The recent DDoS attacks have shone a bright spotlight on the security problems within the Internet of Things. The attacks are also a reminder that cloud security is still a work in progress.

That’s not to say that the cloud isn’t secure; instead, the problem may be the way we think about security and the cloud, as InfoWorld explained:

With DDoS attacks, the tendency is to focus on organizations directly affected. Thus, when hacktivists target financial services or gaming sites, the victims are those trying to access those applications. The information is intact, albeit temporarily unavailable.

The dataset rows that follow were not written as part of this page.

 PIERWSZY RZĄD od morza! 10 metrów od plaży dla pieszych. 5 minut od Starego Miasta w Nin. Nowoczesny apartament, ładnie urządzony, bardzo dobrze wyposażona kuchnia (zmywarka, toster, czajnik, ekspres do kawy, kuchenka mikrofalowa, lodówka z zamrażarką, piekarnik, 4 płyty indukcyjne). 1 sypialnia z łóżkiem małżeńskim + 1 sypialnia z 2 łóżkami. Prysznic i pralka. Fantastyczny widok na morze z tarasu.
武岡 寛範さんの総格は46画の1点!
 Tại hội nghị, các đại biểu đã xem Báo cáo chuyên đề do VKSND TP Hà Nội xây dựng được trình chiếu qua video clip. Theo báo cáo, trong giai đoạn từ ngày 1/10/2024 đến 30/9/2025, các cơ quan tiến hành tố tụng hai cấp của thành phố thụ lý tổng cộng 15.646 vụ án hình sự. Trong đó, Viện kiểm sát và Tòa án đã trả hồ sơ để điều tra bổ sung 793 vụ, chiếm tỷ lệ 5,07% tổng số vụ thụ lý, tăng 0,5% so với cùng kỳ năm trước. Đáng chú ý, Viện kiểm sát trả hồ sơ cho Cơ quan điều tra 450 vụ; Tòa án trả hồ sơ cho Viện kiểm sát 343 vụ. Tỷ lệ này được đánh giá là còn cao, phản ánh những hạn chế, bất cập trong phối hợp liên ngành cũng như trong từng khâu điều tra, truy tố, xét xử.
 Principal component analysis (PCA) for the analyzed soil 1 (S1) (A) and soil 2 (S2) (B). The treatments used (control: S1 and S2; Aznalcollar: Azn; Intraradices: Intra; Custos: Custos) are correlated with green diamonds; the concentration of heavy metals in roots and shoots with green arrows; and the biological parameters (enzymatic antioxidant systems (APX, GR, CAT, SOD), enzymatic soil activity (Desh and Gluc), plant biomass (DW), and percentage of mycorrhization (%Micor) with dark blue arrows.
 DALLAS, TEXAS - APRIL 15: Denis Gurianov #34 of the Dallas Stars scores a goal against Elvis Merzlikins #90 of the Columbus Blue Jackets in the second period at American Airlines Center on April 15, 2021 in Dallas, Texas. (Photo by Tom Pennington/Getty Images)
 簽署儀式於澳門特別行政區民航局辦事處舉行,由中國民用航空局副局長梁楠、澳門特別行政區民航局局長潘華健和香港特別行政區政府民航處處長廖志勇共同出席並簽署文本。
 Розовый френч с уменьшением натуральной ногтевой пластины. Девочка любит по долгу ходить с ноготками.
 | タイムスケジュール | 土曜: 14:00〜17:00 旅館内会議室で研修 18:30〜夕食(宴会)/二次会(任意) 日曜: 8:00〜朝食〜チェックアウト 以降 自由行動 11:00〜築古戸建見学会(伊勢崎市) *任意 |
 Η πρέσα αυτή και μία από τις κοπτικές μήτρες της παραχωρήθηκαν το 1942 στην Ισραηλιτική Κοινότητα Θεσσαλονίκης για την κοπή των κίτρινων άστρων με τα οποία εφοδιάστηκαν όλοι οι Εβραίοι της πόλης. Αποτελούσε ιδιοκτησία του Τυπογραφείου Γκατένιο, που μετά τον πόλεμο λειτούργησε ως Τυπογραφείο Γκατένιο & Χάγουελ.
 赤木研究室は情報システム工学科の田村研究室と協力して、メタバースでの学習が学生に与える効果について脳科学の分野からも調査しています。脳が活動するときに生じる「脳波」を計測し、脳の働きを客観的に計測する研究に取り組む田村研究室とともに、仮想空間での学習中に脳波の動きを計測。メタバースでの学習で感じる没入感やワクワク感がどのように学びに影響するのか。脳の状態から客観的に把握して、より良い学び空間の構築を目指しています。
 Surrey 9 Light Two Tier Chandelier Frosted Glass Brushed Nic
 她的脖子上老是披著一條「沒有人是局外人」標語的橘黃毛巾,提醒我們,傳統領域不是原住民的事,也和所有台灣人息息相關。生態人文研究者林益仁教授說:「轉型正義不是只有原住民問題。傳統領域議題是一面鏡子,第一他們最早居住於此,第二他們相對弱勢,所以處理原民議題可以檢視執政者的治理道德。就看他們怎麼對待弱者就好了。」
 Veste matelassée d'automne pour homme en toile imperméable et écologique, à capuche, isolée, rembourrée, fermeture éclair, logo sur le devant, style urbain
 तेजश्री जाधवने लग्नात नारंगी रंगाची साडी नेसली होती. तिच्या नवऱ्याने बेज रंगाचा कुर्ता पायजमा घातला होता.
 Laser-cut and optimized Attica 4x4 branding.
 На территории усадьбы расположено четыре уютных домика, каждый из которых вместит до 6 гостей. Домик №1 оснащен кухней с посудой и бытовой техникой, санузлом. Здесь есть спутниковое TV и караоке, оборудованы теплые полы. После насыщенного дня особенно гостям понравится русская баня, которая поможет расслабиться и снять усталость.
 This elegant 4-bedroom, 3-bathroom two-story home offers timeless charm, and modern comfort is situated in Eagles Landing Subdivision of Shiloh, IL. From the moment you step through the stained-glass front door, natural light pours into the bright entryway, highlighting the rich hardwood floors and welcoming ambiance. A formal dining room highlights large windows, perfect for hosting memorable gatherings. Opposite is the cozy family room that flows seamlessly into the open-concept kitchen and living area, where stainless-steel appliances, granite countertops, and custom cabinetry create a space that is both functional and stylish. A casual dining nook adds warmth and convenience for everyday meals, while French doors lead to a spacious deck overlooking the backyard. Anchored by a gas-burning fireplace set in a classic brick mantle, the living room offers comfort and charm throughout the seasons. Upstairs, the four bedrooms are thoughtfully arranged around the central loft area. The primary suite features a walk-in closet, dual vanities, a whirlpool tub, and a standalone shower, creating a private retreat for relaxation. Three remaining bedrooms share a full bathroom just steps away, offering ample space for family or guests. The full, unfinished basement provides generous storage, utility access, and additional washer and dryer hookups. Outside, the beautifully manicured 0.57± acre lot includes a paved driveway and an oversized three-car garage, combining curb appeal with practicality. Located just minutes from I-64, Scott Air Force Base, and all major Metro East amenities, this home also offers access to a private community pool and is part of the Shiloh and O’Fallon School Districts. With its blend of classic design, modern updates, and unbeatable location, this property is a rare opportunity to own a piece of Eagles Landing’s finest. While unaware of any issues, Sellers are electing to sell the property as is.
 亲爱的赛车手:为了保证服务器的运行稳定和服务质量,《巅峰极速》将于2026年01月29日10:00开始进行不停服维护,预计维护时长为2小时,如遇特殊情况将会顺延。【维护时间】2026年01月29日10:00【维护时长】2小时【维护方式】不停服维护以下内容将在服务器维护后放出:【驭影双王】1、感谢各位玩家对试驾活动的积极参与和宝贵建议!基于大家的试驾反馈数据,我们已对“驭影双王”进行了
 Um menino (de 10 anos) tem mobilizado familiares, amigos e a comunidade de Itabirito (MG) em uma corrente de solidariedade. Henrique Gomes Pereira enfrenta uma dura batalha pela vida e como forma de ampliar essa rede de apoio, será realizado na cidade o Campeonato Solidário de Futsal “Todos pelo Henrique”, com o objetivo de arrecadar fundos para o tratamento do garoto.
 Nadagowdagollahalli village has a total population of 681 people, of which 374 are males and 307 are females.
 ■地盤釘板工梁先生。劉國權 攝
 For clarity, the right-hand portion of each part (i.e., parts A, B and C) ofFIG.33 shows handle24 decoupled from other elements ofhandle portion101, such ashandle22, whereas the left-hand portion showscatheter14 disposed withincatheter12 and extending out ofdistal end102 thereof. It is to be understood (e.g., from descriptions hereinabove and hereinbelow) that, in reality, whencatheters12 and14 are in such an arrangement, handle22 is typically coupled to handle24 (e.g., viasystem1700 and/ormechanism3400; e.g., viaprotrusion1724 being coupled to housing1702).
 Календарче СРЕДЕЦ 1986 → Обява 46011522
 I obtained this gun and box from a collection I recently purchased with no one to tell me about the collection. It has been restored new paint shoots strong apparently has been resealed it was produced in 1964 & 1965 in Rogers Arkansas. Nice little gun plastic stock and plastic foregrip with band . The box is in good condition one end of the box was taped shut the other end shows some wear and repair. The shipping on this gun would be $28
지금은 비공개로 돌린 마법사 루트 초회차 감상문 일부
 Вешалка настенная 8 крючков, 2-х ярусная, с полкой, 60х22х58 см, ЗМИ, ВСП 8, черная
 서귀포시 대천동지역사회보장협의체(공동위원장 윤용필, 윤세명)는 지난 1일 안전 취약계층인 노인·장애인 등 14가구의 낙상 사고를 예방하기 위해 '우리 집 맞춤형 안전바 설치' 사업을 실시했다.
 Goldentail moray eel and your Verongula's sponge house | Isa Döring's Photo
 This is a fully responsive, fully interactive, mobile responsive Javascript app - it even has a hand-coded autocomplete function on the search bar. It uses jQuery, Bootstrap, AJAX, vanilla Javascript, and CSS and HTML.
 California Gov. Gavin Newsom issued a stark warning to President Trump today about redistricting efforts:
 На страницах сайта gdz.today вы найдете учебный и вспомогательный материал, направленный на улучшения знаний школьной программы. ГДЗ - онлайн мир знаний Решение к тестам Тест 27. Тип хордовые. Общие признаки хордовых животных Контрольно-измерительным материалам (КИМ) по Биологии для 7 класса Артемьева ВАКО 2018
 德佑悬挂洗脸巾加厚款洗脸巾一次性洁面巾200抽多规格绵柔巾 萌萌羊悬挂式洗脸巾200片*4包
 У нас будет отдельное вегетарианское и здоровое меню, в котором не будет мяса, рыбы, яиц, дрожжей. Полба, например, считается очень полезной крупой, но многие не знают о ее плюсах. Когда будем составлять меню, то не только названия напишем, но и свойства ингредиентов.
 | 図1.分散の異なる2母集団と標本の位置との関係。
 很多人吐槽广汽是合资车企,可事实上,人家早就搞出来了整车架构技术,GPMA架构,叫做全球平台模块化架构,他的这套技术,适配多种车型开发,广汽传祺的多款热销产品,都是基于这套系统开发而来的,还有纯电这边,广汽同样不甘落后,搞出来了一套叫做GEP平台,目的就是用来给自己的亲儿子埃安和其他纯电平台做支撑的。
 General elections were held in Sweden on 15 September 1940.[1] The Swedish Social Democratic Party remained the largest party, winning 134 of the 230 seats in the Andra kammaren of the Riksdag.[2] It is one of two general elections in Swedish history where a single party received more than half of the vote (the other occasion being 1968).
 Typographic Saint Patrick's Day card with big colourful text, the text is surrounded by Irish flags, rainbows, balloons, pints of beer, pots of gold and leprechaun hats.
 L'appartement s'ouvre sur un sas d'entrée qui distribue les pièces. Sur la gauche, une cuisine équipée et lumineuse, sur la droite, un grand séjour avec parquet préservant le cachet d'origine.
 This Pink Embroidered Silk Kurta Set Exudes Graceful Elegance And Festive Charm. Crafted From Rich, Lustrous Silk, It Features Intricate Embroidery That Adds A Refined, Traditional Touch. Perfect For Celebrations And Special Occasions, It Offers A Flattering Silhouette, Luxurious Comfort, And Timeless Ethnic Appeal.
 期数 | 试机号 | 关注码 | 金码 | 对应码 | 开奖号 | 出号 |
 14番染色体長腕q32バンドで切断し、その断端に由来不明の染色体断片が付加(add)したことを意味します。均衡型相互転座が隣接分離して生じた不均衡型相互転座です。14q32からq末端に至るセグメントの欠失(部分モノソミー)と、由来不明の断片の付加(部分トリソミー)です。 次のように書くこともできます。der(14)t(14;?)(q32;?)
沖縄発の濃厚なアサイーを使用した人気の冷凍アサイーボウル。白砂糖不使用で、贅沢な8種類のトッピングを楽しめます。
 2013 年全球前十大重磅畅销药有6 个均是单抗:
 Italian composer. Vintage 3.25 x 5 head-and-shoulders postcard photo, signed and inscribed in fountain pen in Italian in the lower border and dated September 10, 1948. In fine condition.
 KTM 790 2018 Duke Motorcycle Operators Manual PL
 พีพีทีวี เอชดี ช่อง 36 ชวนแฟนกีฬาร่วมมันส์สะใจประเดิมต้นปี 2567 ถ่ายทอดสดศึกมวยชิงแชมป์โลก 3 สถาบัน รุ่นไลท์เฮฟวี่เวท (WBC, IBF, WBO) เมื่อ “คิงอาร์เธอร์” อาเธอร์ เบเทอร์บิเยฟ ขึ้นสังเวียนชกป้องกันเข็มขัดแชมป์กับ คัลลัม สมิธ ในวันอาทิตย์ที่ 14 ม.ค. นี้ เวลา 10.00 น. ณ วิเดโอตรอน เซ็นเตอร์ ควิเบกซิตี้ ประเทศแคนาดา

With Dyn, however, the target was core internet infrastructure, which means any organization that relies on Dyn or works with a service provider dependent on Dyn is affected.

Justin Harvey, security consultant to Gigamon and former chief security officer at Fidelis Cybersecurity, agreed with that assessment, stating in an email comment that our focus when it comes to cybersecurity tends to be pretty narrow, with the primary concerns being protecting confidentiality and integrity of data, usually from data breaches and theft. DDoS attacks, as stated above, tend to avoid those two types of security issues. But this recent attack showed just how important it is to consider availability of the data in our cybersecurity plans. Harvey added:

In the wake of these massive denial of service attacks, it shows that many companies were (are) not prepared for actors that are looking to affect the availability of the services they provide. With today's movement to the cloud, as more companies seek to virtualize and expand their external footprints, many organizations simply do not know where their critical networks and systems are.

The first step to a comprehensive cybersecurity strategy is to know where your critical information and assets are and build visibility at every level of the architecture, Harvey continued, adding that without knowing where everything is, you can’t protect it.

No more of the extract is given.